Doch bereits in den ersten Jahren des Förderprojekts, welches von der Stiftung Frauenwinkel in Zusammenarbeit mit dem Amt für Natur, Jagd und Fischerei betrieben wird, habe eine Trendwende erreicht werden können. Dieses Jahr haben sich in den beiden Kiebitz- Brutgebieten Frauenwinkel und Nuoler Ried bereits 37 Brutpaare angesiedelt.

Im Jahr 2018 erlitten die Kiebitzkolonien aufgrund der Trockenheit grosse Brutverluste, heisst es in der Mitteilung weiter. Auch in der Saison 2019 hätten die Bodenbrüter mit einigen Schwierigkeiten zu kämpfen gehabt. So habe insbesondere der Kälteeinbruch Ende April den frisch geschlüpften Kiebitzen zugesetzt. Viele Gelege seien von den Vögeln aufgegeben worden.
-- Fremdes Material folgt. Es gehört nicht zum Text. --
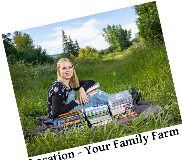
Location - Your Family Farm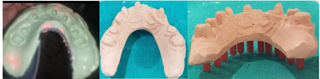
Fig 6.Final impression fig 7. Master cast after teeth preparation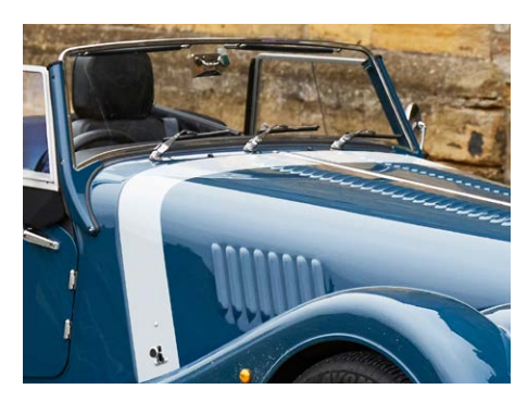
Decal Kit 8 - Bonnet Stripe Gloss Off White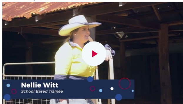
Educational Pathways Pilot Program TV - Episode 5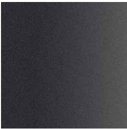
111 FT graphite fine textured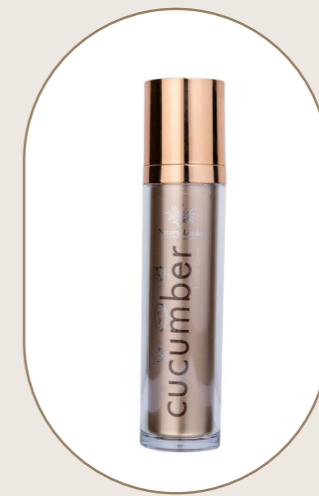
Cucumber Facial Toner 100 ml - 3.4 fl.oz

Unique formulation containing aloe vera, spotted geranium and fennel extracts to slow ageing by reducing fine lines, boosting hydration, and enhancing cell vitality.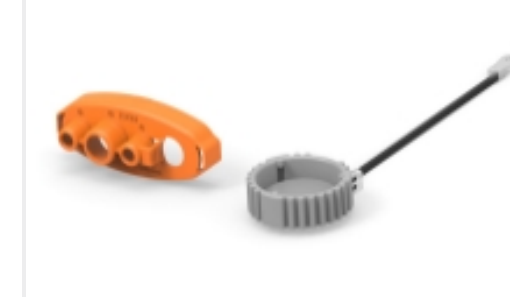
Connector Caps & Covers(19)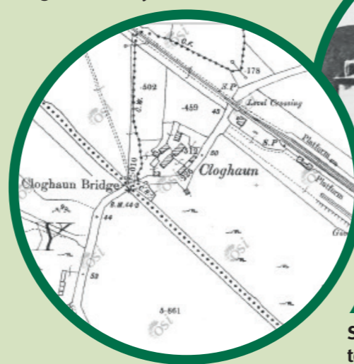
▼ c1900 O.S. historic map of Old Cloghaun Village showing canal (dotted), bridge and railway station

Old Cloghaun Village: The Old Cloghaun village was, in pre-famine times, a small settlement of c. 8 homes within Moycullen townland. In the early 1900's it conveniently lay between the then navigable Moycullen canal and the former Galway-Clifden railway line and was adjacent to Moycullen Railway Station.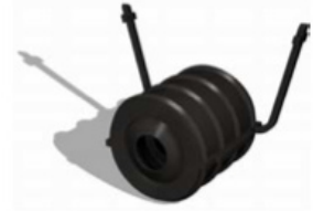
In Line Ports (2)

For Direct Buried Cables - The Seal size selected must be based on the Inner Sheath Diameter of the cable, as the Outer Sheath is removed before entering the closure to prevent water migrating along the cable between the 2 sheaths.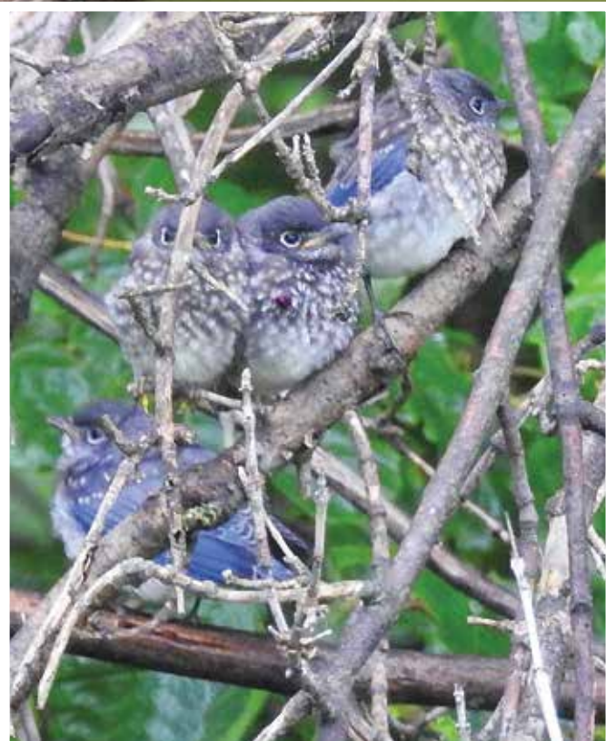
◀ Young fledglings in Burlington.

Mitarbeitende der Stiftung Frauenwinkel beobachten die Kiebitz-Kolonien, um neue Gelege zu finden und die Familien zu lokalisieren. (Bild: PD)

Mitarbeitende der Stiftung Frauenwinkel beobachten die Kiebitz-Kolonien, um neue Gelege zu finden und die Familien zu lokalisieren. (Bild: PD)

Erfolg Dank Einsatz und Zusammenarbeit

Engagierte Landwirte hätten auch in diesem Jahr bei der Bewirtschaftung Rücksicht auf die Kiebitze genommen. Dank ihnen und des Einsatzes der Zivildienstleistenden der Stiftung Frauenwinkel konnten trotz schwierigen Bedingungen viele Gelege und Küken bis ins flügge Alter begleitet werden.

Mit 33 Stück seien dieses Jahr doppelt so viele Jungvögel flügge geworden wie im letzten Jahr. Es sei erfreulich, dass sich der schlechte Bruterfolg von 2018 in diesem Jahr nicht wiederholt hat, sondern der steigende Bruterfolg der vorangehenden Jahre wiederaufgenommen werden konnte.